*Your task*
In the listing below, find the line with "Zwei hinten, eine" and copy every line from there up to and including the line with "知萌咨询机构发布的《2025", exactly and without pictures.

*Input*

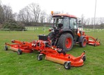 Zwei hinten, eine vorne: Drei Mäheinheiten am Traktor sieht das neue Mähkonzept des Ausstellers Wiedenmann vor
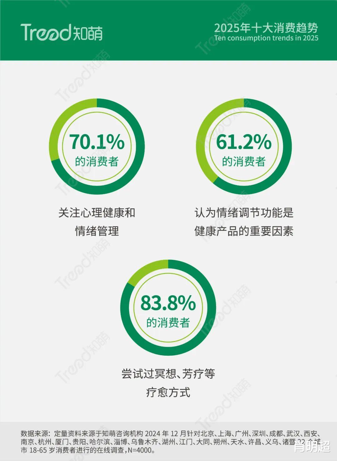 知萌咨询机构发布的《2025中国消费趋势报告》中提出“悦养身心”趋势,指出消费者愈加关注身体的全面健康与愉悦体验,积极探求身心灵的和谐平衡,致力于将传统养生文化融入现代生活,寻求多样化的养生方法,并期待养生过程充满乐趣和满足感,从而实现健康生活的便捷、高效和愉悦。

---

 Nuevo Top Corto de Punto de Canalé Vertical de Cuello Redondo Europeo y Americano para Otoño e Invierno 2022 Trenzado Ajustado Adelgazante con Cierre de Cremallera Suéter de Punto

*Exercise output*
 Zwei hinten, eine vorne: Drei Mäheinheiten am Traktor sieht das neue Mähkonzept des Ausstellers Wiedenmann vor
 知萌咨询机构发布的《2025中国消费趋势报告》中提出“悦养身心”趋势,指出消费者愈加关注身体的全面健康与愉悦体验,积极探求身心灵的和谐平衡,致力于将传统养生文化融入现代生活,寻求多样化的养生方法,并期待养生过程充满乐趣和满足感,从而实现健康生活的便捷、高效和愉悦。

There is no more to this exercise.